Below is a listing with pictures in it; transcribe exactly the lines from the one that has "กำหนดการรับนักเรียนและปิดภาคเรียน" through the one that has "秋冬 大きいサイズ M/L/XL/2XL/3XL", and omit those pictures.

** Data excerpts follows **

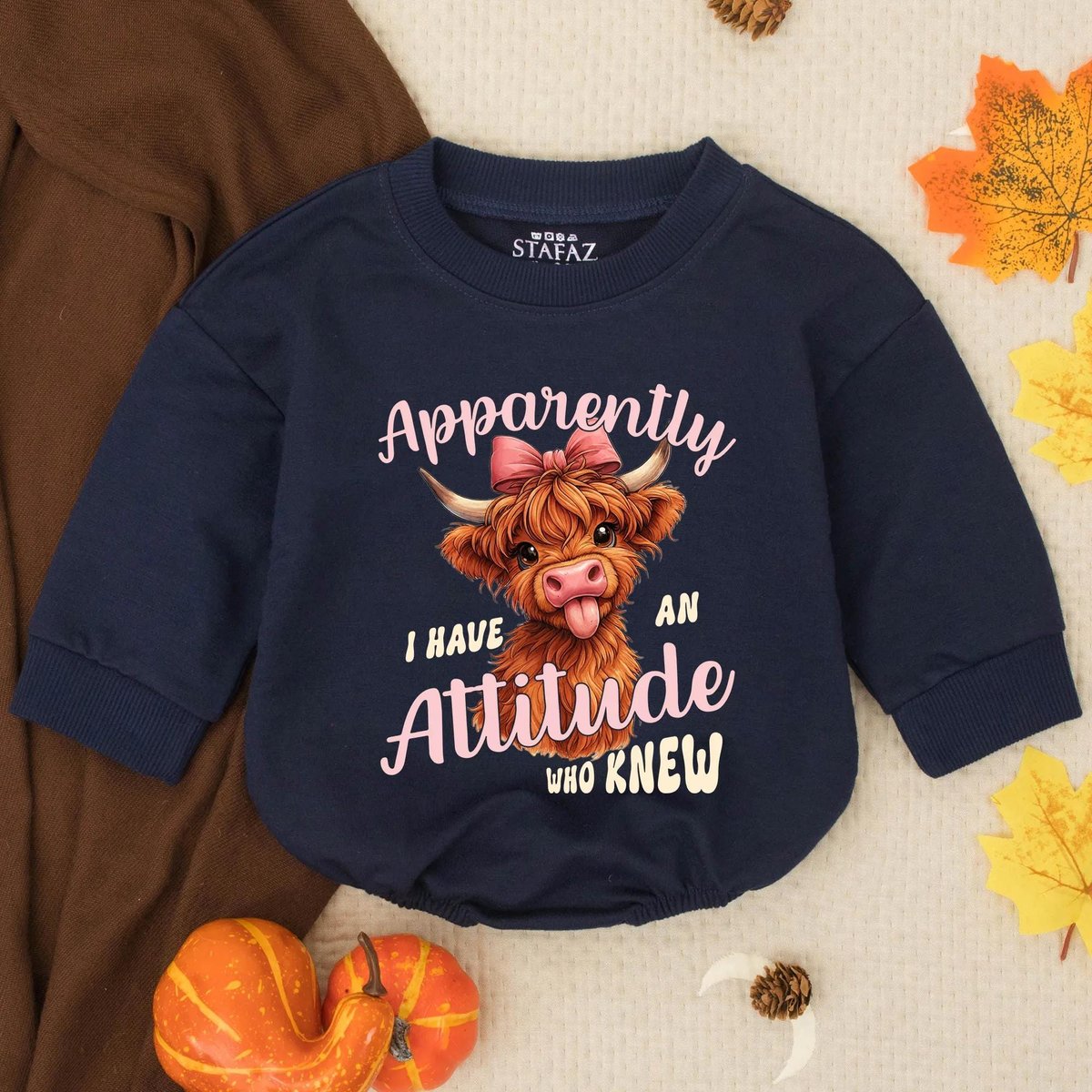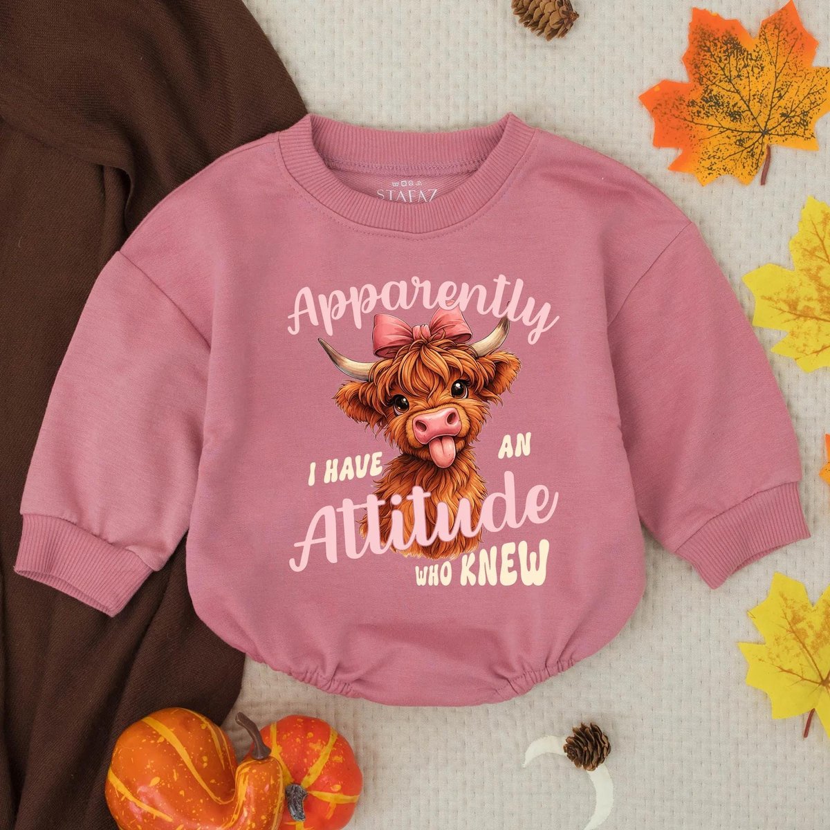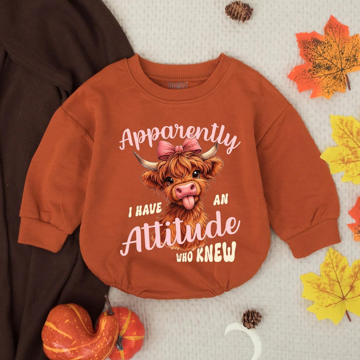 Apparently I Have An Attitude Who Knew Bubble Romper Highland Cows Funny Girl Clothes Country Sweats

** End of Data excerpts **
** Data excerpts follows **

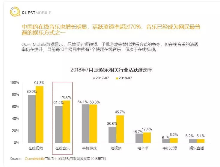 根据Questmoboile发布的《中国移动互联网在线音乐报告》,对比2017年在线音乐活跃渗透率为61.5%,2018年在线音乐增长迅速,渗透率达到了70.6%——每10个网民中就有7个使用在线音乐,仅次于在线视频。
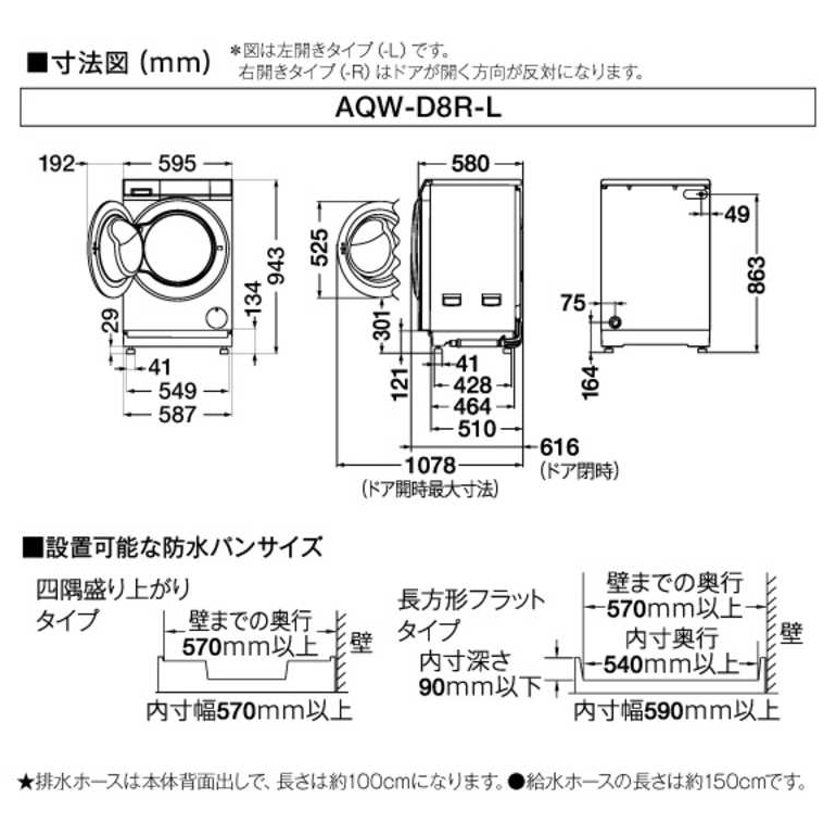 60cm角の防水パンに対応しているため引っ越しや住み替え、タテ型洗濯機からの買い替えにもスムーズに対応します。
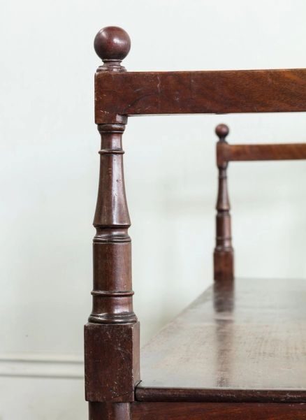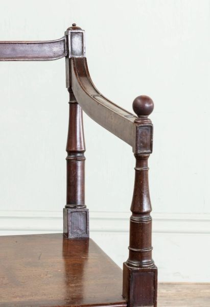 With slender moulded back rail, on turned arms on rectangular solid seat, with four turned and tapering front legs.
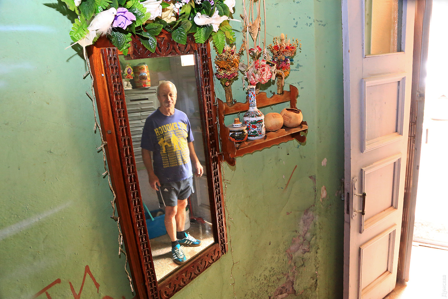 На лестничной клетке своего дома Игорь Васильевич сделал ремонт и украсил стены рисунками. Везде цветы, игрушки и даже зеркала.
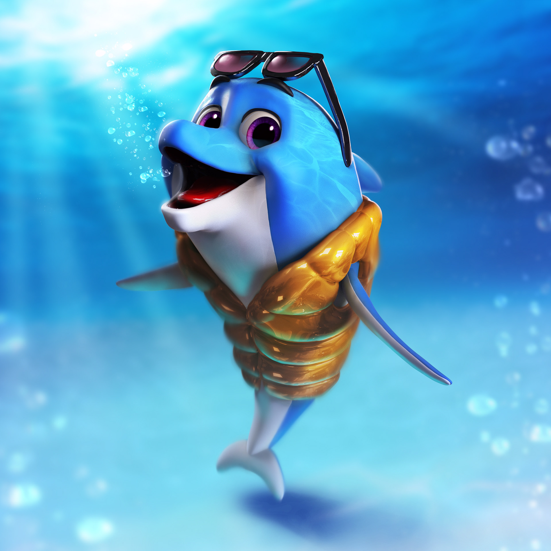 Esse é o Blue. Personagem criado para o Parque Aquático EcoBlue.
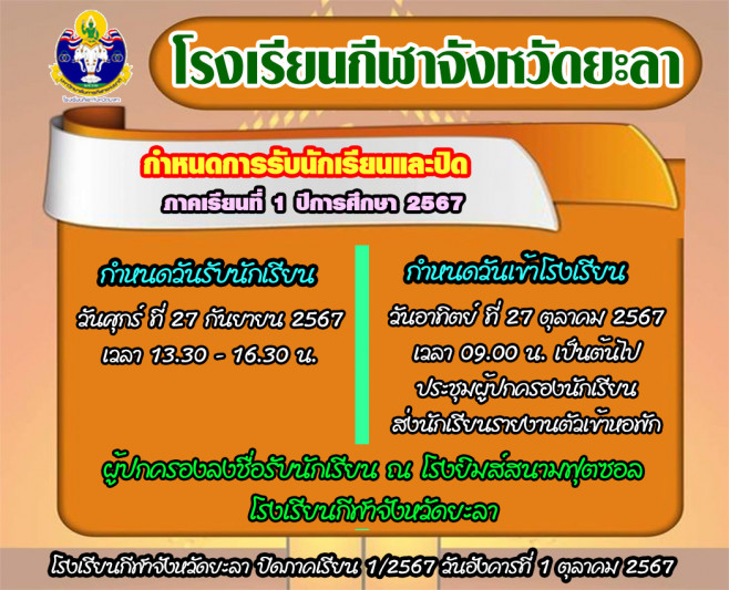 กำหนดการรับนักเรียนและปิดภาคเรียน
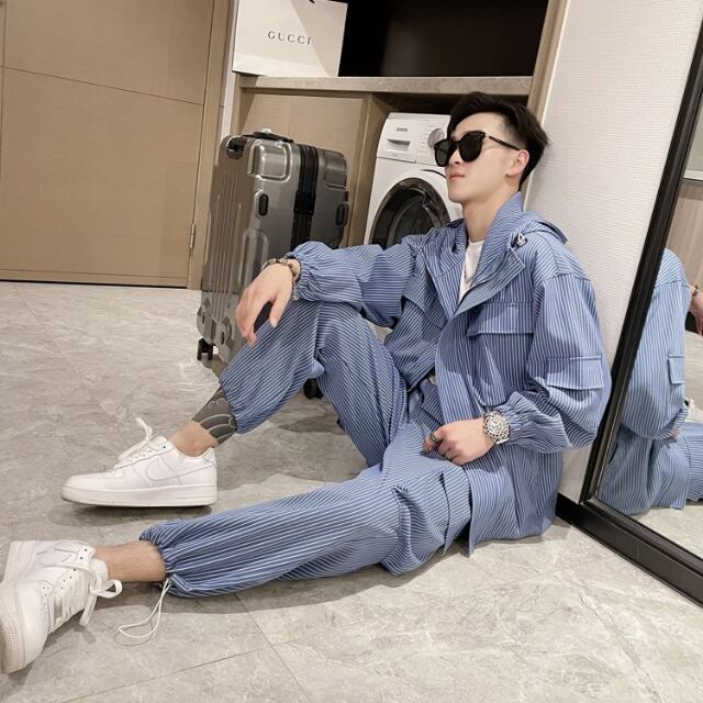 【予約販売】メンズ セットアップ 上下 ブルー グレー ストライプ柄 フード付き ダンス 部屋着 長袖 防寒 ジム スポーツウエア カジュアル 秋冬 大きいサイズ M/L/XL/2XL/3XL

** End of Data excerpts **
** Data excerpts follows **

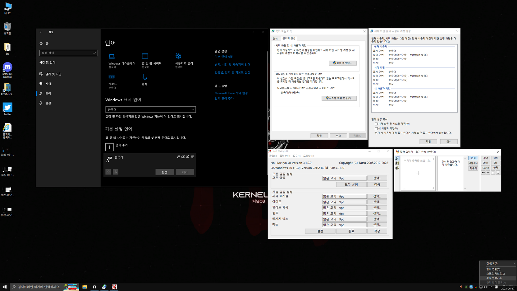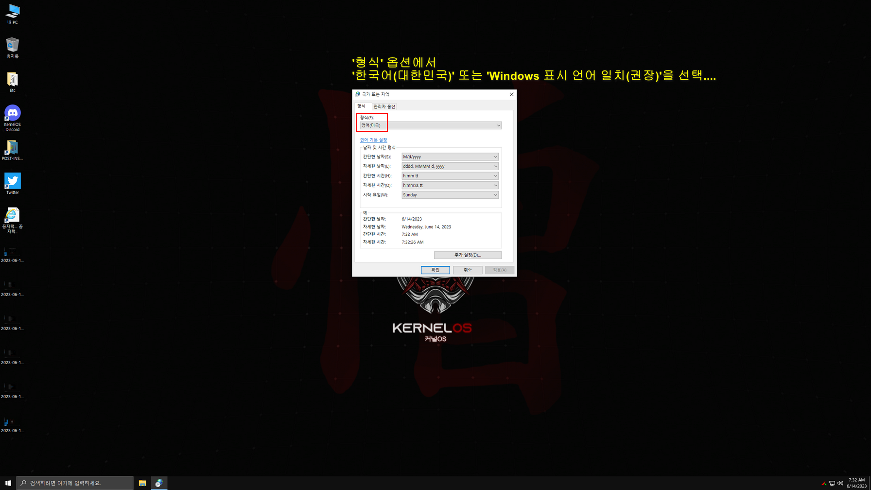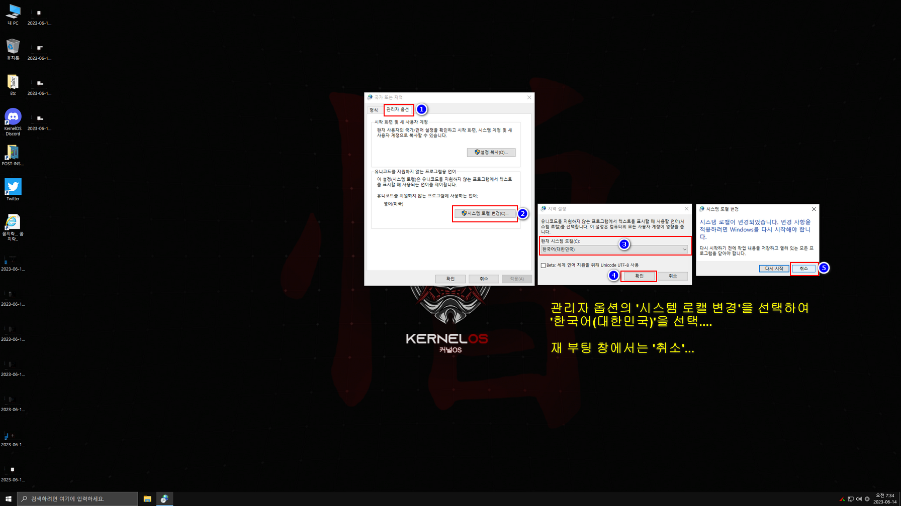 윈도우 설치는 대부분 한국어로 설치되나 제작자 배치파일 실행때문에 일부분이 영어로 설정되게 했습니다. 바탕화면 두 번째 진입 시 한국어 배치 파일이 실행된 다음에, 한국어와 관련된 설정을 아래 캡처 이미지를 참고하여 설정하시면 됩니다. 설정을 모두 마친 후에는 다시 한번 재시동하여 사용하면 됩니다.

** End of Data excerpts **

» **Expected answer**:
 กำหนดการรับนักเรียนและปิดภาคเรียน
 【予約販売】メンズ セットアップ 上下 ブルー グレー ストライプ柄 フード付き ダンス 部屋着 長袖 防寒 ジム スポーツウエア カジュアル 秋冬 大きいサイズ M/L/XL/2XL/3XL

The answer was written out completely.